1. From "layman's spade" to forestry expert

Instead of having volunteers plant mass seedlings, we finance the work of professionals through the greenfee Token (GFT). In projects like Gut Conow, our professional measures ensure that the forest not only grows but becomes resilient to climate change through targeted underplanting and biodiversity management.

2. Measurability instead of estimation

In China, the implementation of the tree-planting duty is often not consistently verified. With us, the opposite is true: we use satellite monitoring to annually record the actual increase in biomass and CO2 binding. For example, we know exactly that our project in Gut Conow binds an additional approx. 1,300 tons of CO2 (gross) annually.

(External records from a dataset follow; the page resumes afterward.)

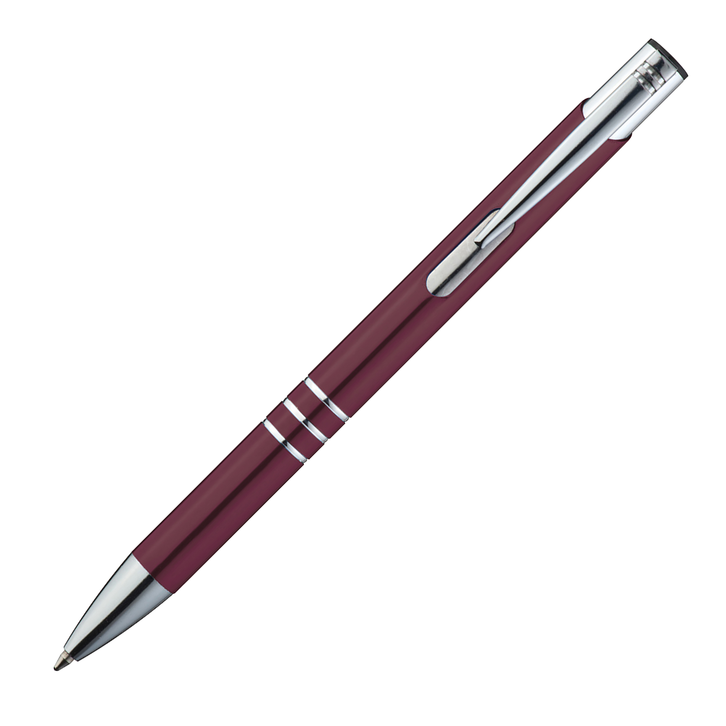 Eloxierter Kugelschreiber aus Metall mit 3 Zierringen und blau schreibender Großraummine. Ihre Werbung wird rechts vom Clip gelasert.
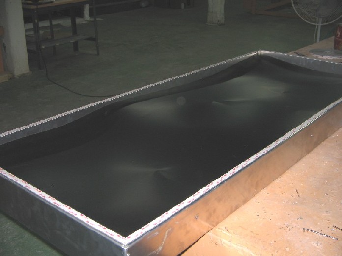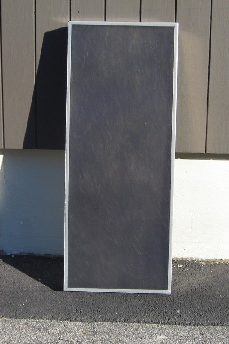 Step 4: Your ready to install the black absorber sheet in the box now. Remove the release paper from the adhesive tape on the center support and the small clips along the inside of the box and place the absorber sheet carefully into the box. Now apply some pressure on the center support and side clips to bond the tape to the absorber sheet. Note: See attached 3M Double Coated Acrylic foam tape instruction sheet for more information on the application of this adhesive tape. The airheater should now look like the picture below.
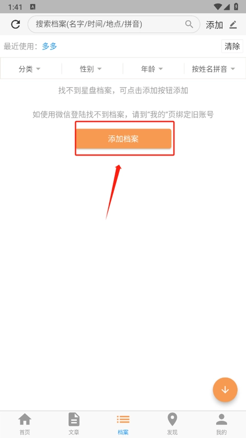 1、打开后,首先档案界面上点击添加档案
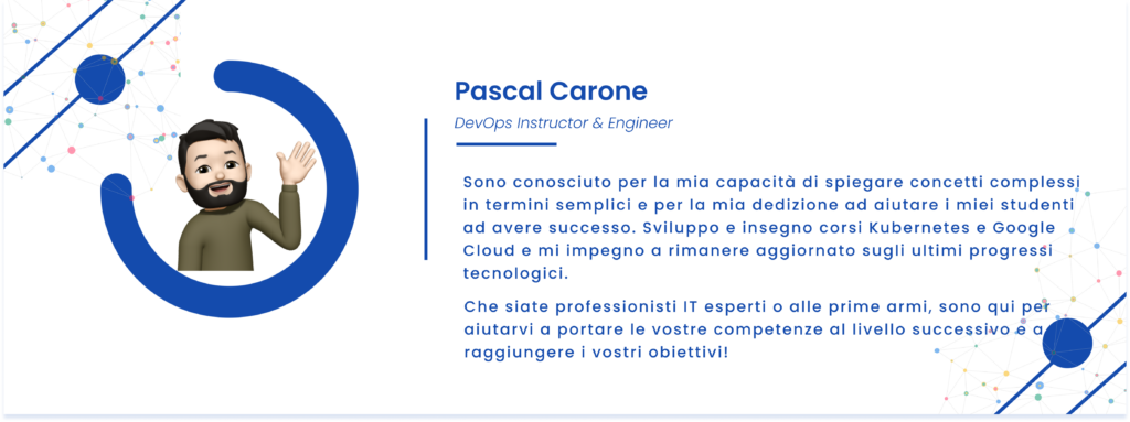 Sono conosciuto per la mia capacità di spiegare concetti complessi in termini semplici e per la mia dedizione ad aiutare i miei studenti ad avere successo. Sviluppo e insegno corsi Kubernetes e Google Cloud e mi impegno a rimanere aggiornato sugli ultimi progressi tecnologici.

3. Digital security through blockchain

While state fees often disappear into large pots, our blockchain technology ensures seamless transparency. Every euro invested and every square meter of forest protected is digitally documented and traceably tamper-proof.

Conclusion: The future is voluntary and digital

The Chinese example shows how important awareness of reforestation is. But we believe that modern climate protection in the 21st century must be scalable, voluntary, and above all, measurable. By linking European forestry practice with innovative FinTech regulation (such as MiCAR compliance), we create a solution that not only saves the forest but is also legally secure and attractive for investors and companies. Help us make 300,000 hectares of forest fit for the future – without the threat of a fine, but with real impact.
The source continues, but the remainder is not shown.